When I think about driver's licenses and car registration, I think about the billions and even trillions of dollars that the state has stolen from the people. A driver's license is unconstitutional for an American who is simply traveling from point A to point B and not conducting commerce, meaning they are not being compensated to drive from one place to another or to move goods from one place to another. People have paid for driver's licenses and car registrations unknowingly because the state told them they had to, but that is unconstitutional. The state knowingly continues to force people to have a driver's license to drive their automobile and to register their automobile with the state, which is totally unconstitutional for someone who is simply traveling as their constitutional right.
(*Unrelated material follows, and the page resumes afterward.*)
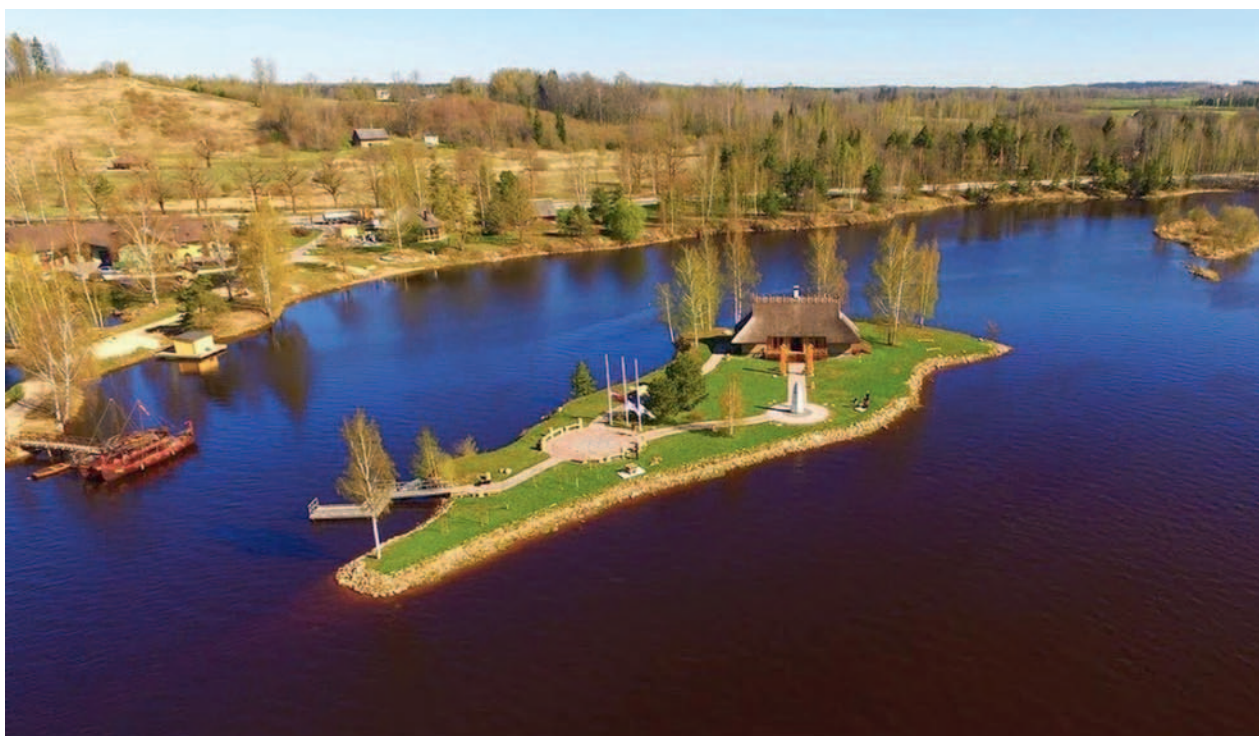
Dievturių Luokstenės šventykla ( Lokstenes svētīnca).

What the state has done is taken a right (to travel) and turned it into a privilege (DRIVING), and then made us pay for it—plain and simple. Even traffic tickets and other types of traffic violations are unconstitutional for someone who is merely traveling.
Now, if you are conducting commerce—like if you're driving for Amazon, delivering packages, or you drive for FedEx, UPS, or even as a mail delivery driver—that's different. They are actually conducting commerce and are bound by those laws as a driver engaged in commerce. But a free, sovereign American traveler who is simply going from point A to point B to visit family or friends, or maybe to go to the grocery store or a doctor's appointment, is not in the same jurisdiction as a person conducting commerce.
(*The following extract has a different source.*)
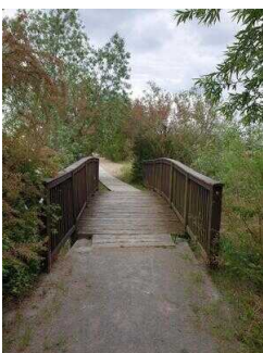
Holzbrücke Richtung Strand
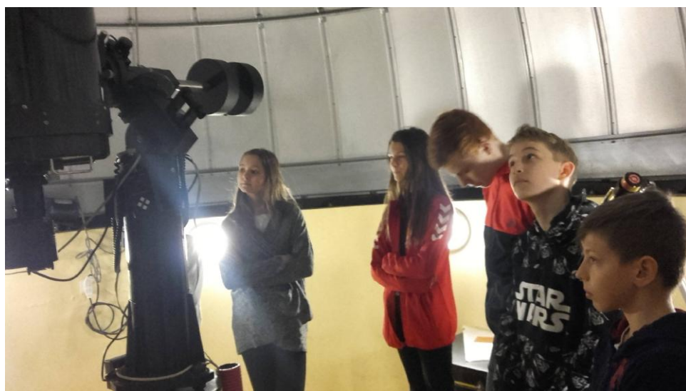
Przy odpowiedniej pogodzie można prowadzić obserwacje astronomiczne.

The 202-page Common Law Traffic Binder that I just finished putting together explains all this. It references court cases, discusses our rights, and addresses the jurisdictional differences, as well as many other important topics regarding our rights and the legal jurisdictions in which we are operating.
Don't get me wrong—I have full respect and appreciation for the police and the service they provide every day. However, as I mentioned before, I respect them as individuals first and police officers second. I also expect them to respect me as an individual and to honor my rights. When they choose to violate my rights by stopping me and attempting to write me tickets for laws that do not apply to me because I am not conducting commerce, they are violating my rights, and that’s a problem. Furthermore, if they don’t have a Reasonable Articulable Suspicion (RAS) that I have committed a crime, and they do not have a Single Articulable Fact (SAF) indicating I have committed a crime, then they do not have probable cause to even stop me.